Below, some lines carry pictures; leave those pictures out and retype exactly the lines from the one with "(总)蜜柚 2025秋冬新款" through the one with "Add a festive".

**INFORMATION SUPPLIED:**
****************
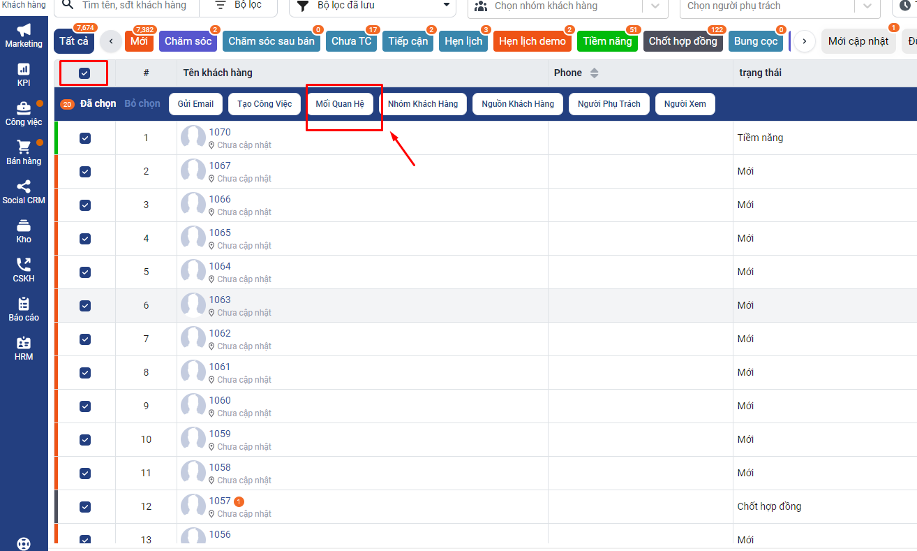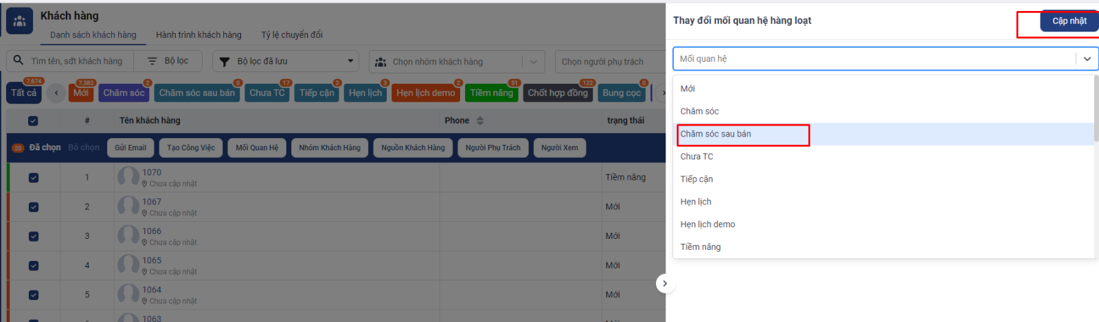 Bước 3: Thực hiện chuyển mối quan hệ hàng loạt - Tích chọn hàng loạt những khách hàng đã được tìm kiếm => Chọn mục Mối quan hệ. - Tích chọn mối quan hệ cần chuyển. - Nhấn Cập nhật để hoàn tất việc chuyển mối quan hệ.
****************
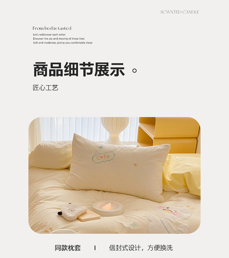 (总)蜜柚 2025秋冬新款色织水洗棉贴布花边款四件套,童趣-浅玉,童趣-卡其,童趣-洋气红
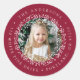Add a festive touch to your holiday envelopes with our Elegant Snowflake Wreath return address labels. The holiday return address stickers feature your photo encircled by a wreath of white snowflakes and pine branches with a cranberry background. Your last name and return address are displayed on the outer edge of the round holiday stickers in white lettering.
****************
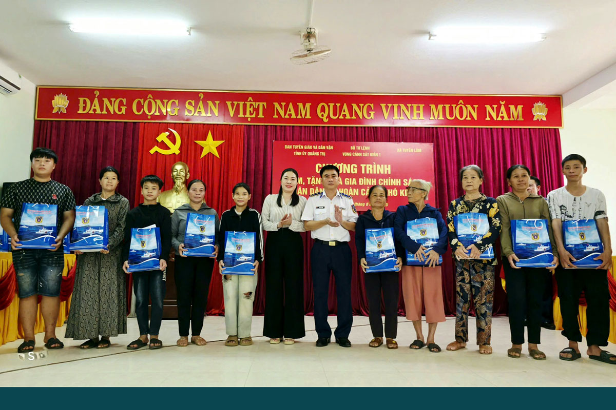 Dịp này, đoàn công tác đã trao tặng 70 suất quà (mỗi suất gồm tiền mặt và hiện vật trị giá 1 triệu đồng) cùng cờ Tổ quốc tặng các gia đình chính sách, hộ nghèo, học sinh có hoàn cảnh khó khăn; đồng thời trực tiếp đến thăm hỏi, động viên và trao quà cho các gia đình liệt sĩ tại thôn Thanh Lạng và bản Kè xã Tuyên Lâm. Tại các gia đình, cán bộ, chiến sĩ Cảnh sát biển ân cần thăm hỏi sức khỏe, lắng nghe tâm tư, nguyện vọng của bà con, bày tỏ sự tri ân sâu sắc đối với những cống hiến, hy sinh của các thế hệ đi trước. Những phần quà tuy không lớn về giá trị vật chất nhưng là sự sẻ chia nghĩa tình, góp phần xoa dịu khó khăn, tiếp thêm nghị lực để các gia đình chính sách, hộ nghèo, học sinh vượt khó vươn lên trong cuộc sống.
****************
**WRITTEN ANSWER:**
 (总)蜜柚 2025秋冬新款色织水洗棉贴布花边款四件套,童趣-浅玉,童趣-卡其,童趣-洋气红
Add a festive touch to your holiday envelopes with our Elegant Snowflake Wreath return address labels. The holiday return address stickers feature your photo encircled by a wreath of white snowflakes and pine branches with a cranberry background. Your last name and return address are displayed on the outer edge of the round holiday stickers in white lettering.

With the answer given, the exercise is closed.